Data excerpts:
*-*-*
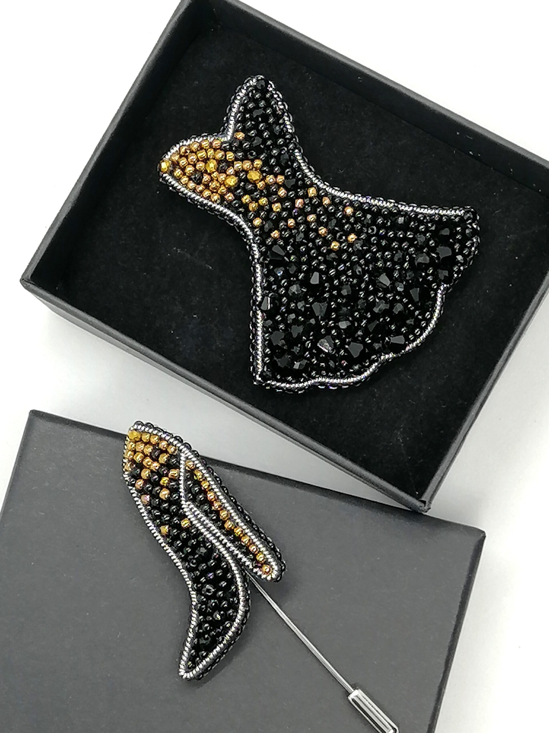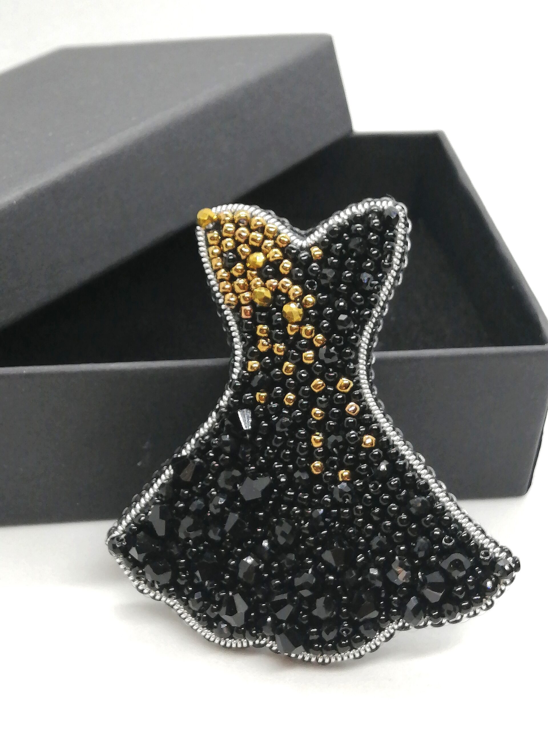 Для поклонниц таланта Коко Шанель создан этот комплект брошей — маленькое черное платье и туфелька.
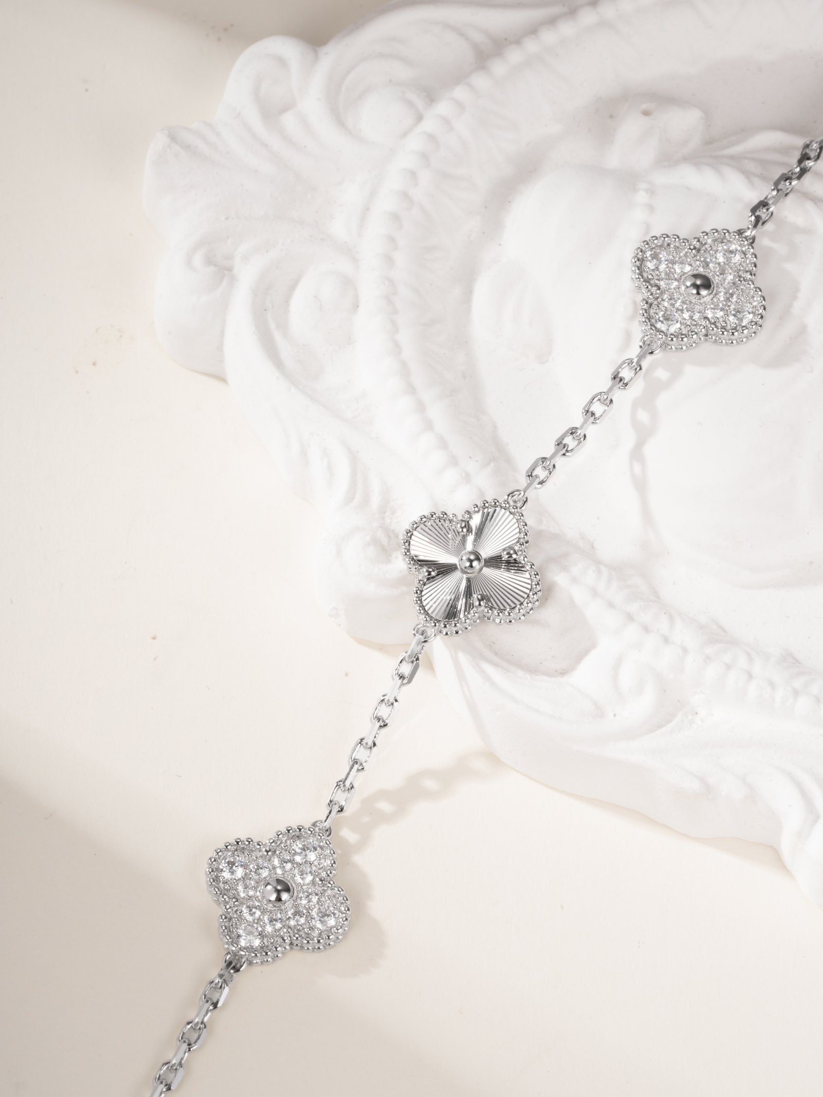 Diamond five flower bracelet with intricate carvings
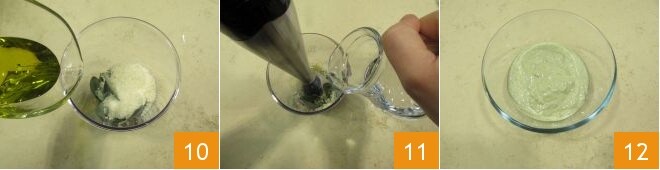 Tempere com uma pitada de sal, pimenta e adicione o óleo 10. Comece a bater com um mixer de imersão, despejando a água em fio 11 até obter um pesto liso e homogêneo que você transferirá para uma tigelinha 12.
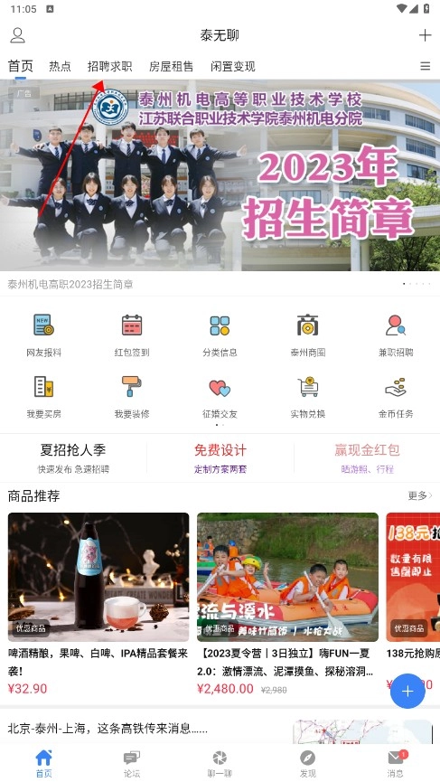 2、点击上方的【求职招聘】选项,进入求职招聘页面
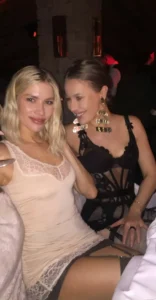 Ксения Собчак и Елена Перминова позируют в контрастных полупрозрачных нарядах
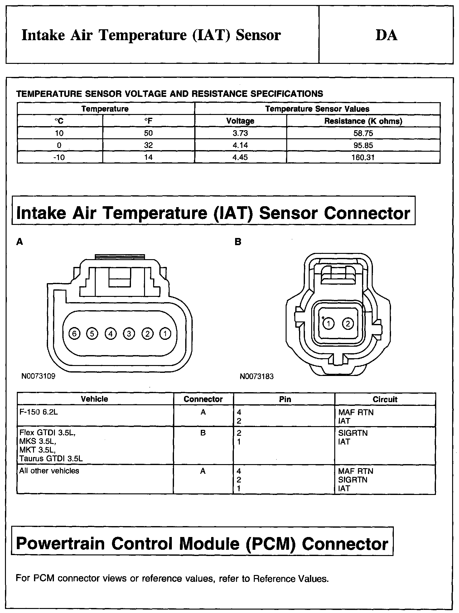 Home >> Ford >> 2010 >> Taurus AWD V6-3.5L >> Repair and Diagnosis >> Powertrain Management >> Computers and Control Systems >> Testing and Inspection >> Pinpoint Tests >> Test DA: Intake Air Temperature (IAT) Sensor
*-*-*
What is being asked
None of the pictures should appear; repeat the records exactly otherwise.

Expected answer
 Для поклонниц таланта Коко Шанель создан этот комплект брошей — маленькое черное платье и туфелька.
 Diamond five flower bracelet with intricate carvings
 Tempere com uma pitada de sal, pimenta e adicione o óleo 10. Comece a bater com um mixer de imersão, despejando a água em fio 11 até obter um pesto liso e homogêneo que você transferirá para uma tigelinha 12.
 2、点击上方的【求职招聘】选项,进入求职招聘页面
 Ксения Собчак и Елена Перминова позируют в контрастных полупрозрачных нарядах
 Home >> Ford >> 2010 >> Taurus AWD V6-3.5L >> Repair and Diagnosis >> Powertrain Management >> Computers and Control Systems >> Testing and Inspection >> Pinpoint Tests >> Test DA: Intake Air Temperature (IAT) Sensor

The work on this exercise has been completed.